Una breve historia, a modo de introducción, del libro Mi encuentro con el Arte
El comienzo:
Día cero
6 de Noviembre de 1957 |
Le sonreí con cierta picardía y le contesté: –Esos dibujos lo pinta cualquiera...
–¡Vale! Ven conmigo a mi estudio. Miró a mi abuela y le dijo: –Mamá, desde hoy él tiene permiso para entrar a mi estudio.
Mi tío tenía su estudio en el segundo piso de la casa de mis abuelos. Era una habitación convertida en taller de pintura situada encima del garaje con una escalera privada. Para entrar teníamos que atravesar un pasillo que pasaba por la cocina-comedor –donde casi siempre estaba la abuela– hasta llegar al final.

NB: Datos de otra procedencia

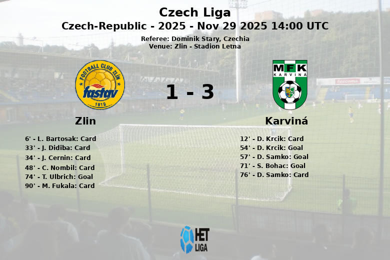 Zlin, República Tcheca – Karviná derrotou o Zlin no Stadion Letna em uma partida disputada e marcada por numerosas advertências. O jogo, correspondente à 17ª rodada da Czech Liga, terminou com uma vitória do Karviná com três gols contra um da equipe local.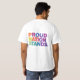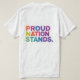 El diseño de la camiseta muestra la frase "Nación Orgullosa se para". Se muestra audazmente en letras vibrantes y multicolores contra un fondo neutral. El diseño es impactante y visualmente atractivo, celebrando el orgullo nacional y la unidad.

A la derecha había una puerta para entrar al garaje, un pequeño vestíbulo y la escalera privada del estudio. Era una especie de recoveco exclusivo de mi tío al que nadie estaba autorizado a entrar... excepto yo, desde ese momento.
–Mírame a la cara y pon atención a lo que voy a decirte –me dijo con tono serio pero con voz muy amable–. Señaló para un estante con muchos frascos de pinturas y pinceles... Continuó hablando: –Estos son los pinceles que puedes usar, las temperas y las cartulinas. No toques más nada. Cuando termines de pintar, vas al baño y lavas bien todos los pinceles. No ensucies el suelo del estudio... ¡Ah!, deja bien limpio el baño cuando termines. ¿Entendido?
–Sí –le respondí.
Día uno
2 de Noviembre de 1957 |
Estuve pintando toda la tarde sin parar hasta que se acabaron las cartulinas. Coloqué los dibujos en el suelo como si fuera una alfombra, bajé la escalera y me tropecé con mi abuelo en el comedor.
–¡A ver, quítese esas ropas y dese una ducha! –me ordenó– Y no olvide llevar la ropa sucia a la lavadora.
Me miré en el espejo del baño, tenía la camiseta manchada de pintura, las manos y la cara... Regresé corriendo al estudio y comprobé que todo lo había dejado muy limpio.